I had the Second City interview today and I think it went okay... I was nervous and didn't feel as confident as I would have liked to. I wish I had prepared better. They asked me who my favorite alums of SC were, and I was like, uh... all of them? Because shit, how do you narrow it down? I mentioned five or six of the more obvious choices, but I'm pissed at myself for not mentioning Dave Foley or Kevin McDonald. One could more easily choose a favorite star among the heavens.
They asked me what my favorite authors were, and they seemed to enjoy those answers. I just really hope I didn't ramble too much or sound like a dick.
I also probably shouldn't have even mentioned it on facebook until I knew if I got the internship or not, because everyone is so excited for me and it's going to be disappointing if I don't get it. Lessons learned.
SO.
I will be in Texas for about ten days starting August 12th. I plan to be at Barfly's that night. Everyone let me know if you want to do fun things!

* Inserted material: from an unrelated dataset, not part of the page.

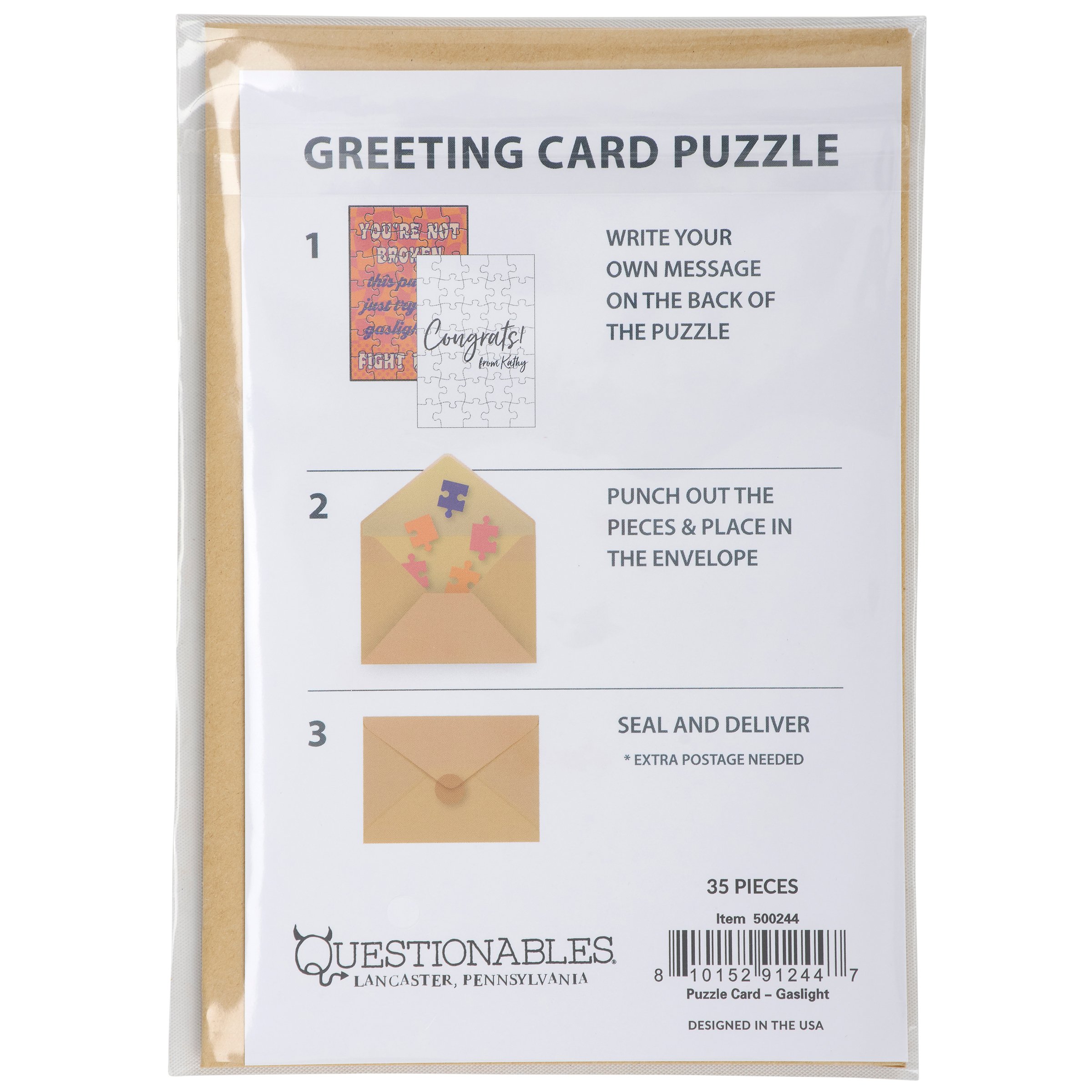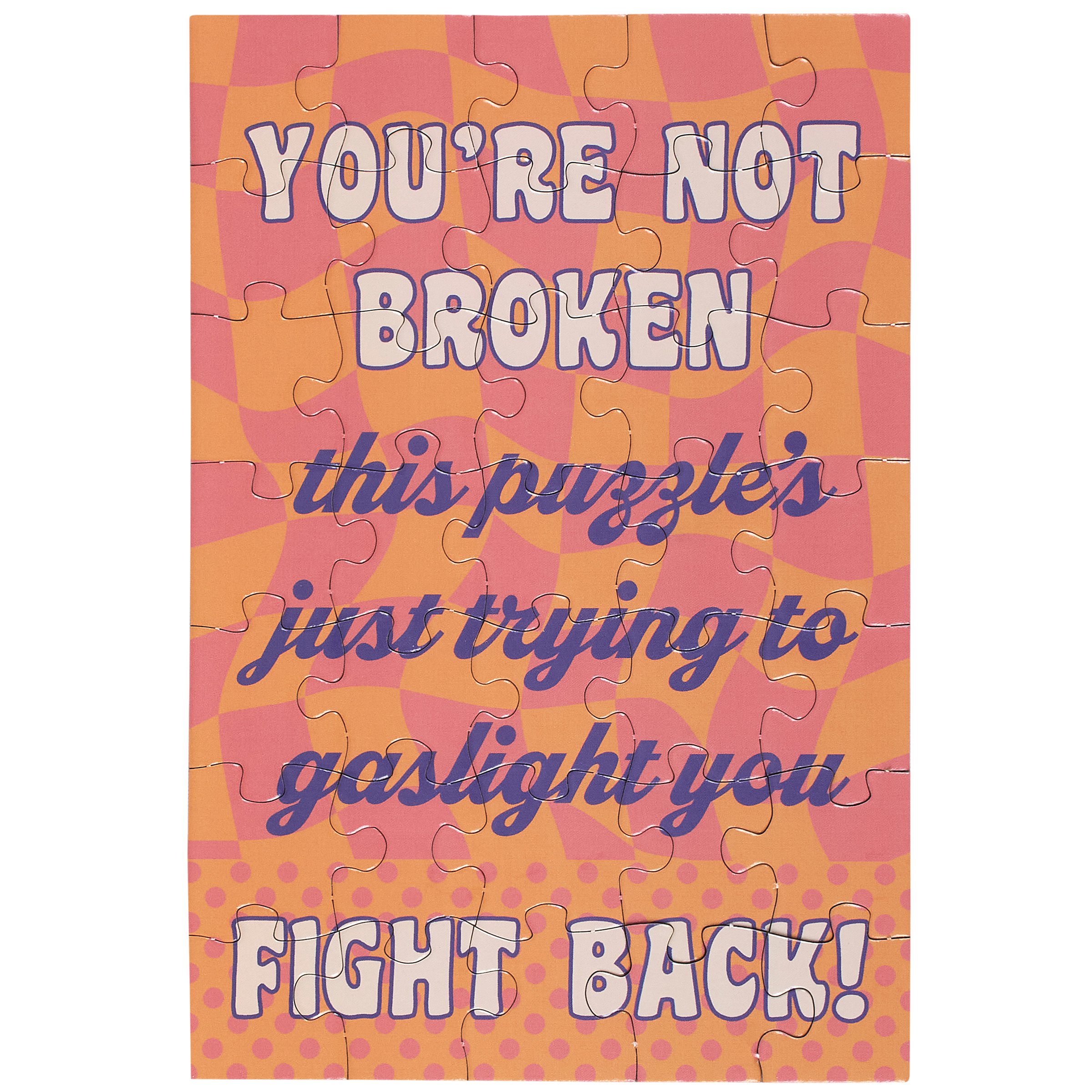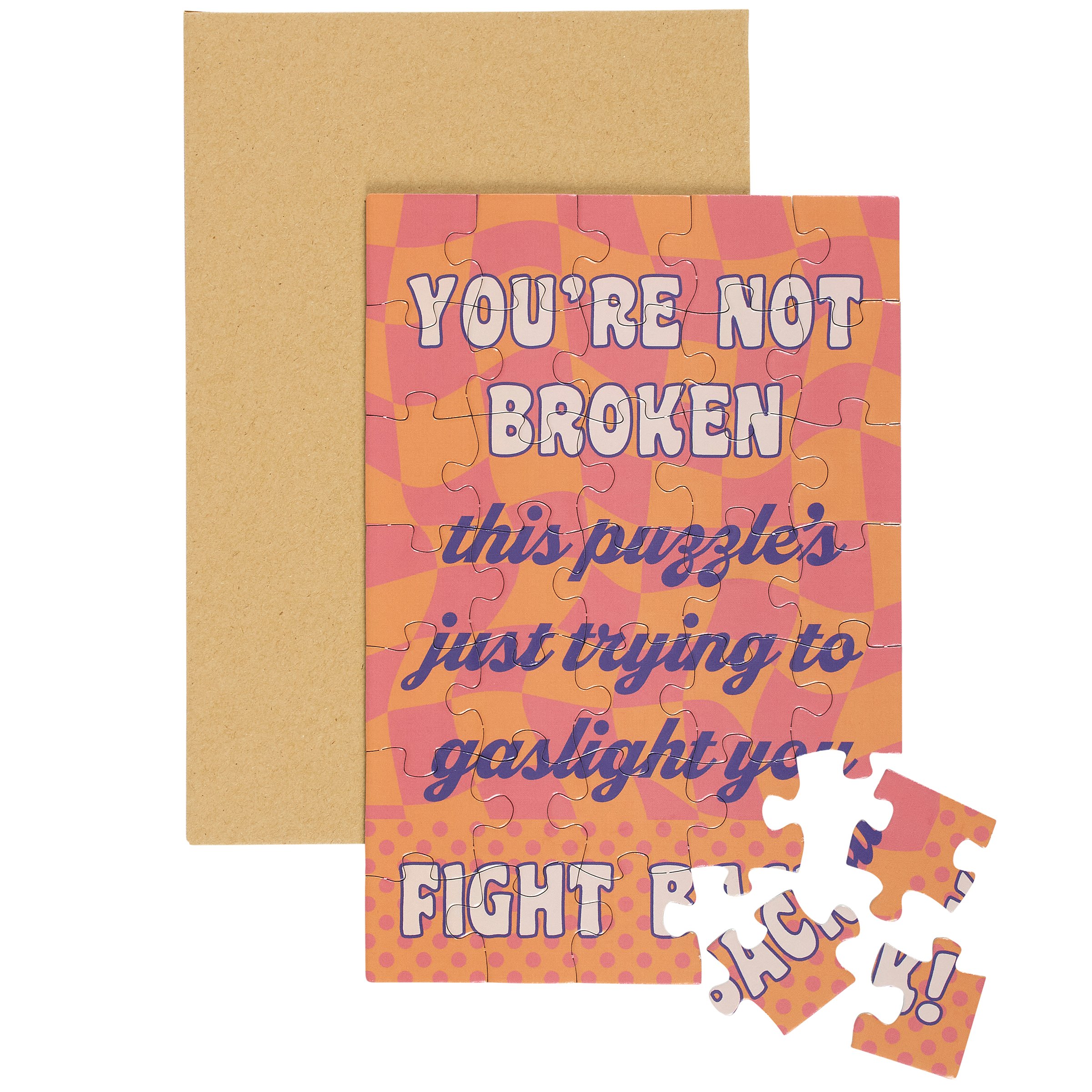 Don't just give your feelings away, make 'em work for it. Our greeting card puzzles combine the feels of receiving a greeting card with the satisfaction of completing a puzzle. This funny puzzle card includes a blank space on the back to write a personal message, or express creativity in any way, before breaking up the puzzle for someone special to piece together the fun inside! We get them started with a funny inspirational sentiment on the front in a fun retro style that reads "You're Not Broken - This Puzzle's Just Trying To Gaslight You. Fight Back!" After personalizing the back, they break up the 35 piece puzzle and place the pieces in the included kraft envelope. The puzzle card and envelope are packaged in a polybag with an insert displaying easy-to-follow instructions. Due to the shape and weight, extra postage is required when mailing puzzle cards. There's no need to wait for a special occasion or a specific holiday, our Trying To Gaslight You puzzle card is perfect for any moment they want to reach out to friends and family.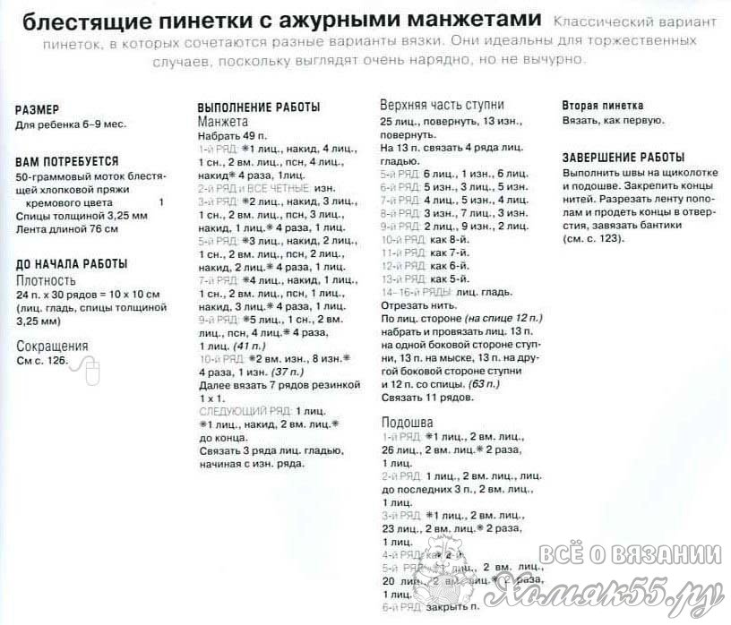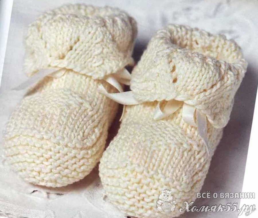 Кремовые пинетки с ажурными манжетами это классический вариант пинеток, в которых сочетаются разные варианты вязки. Они идеальны для торжественных случаев, поскольку выглядят очень нарядно.

I'll also probably take one last trip to NY next weekend, to see Lena and Kellie and others.
Aside from that, there's not much to tell. Gave my three weeks notice at the gym. Kind of freaking out about how soon I have to be in Chicago, and how soon I'll be leaving DC... it still hasn't sunk in. I've been thinking about grad school for so long, SO LONG, and now it's actually happening and I don't even know what to do with myself. Now I have to start packing up my clothes and figuring out what else I need to take and planning the drive up to Chicago and trying to figure out what novel I should start writing for my workshop and OH MAN. Trying not to think about being away from Bryan and my cat for five months, which kind of makes me want to cry every time I do.
I really, really hope I get the Second City internship. Even if I don't, though, I'm excited about the two jobs I probably already have. I hope I find out about SC soon enough to back out of one of those jobs gracefully without feeling like an asshole.
AH SO MUCH IS ABOUT TO HAPPEN AND IT FREAKS ME OUT. Even though I'm doing pretty well as far as taking care of everything that needs taking care of, WTF. My life is going to be so different in just a month.
Oh yeah, so if anybody is interested in driving up to Chicago with me, let me know. Obviously you have to find your own way back, though, which is a disincentive.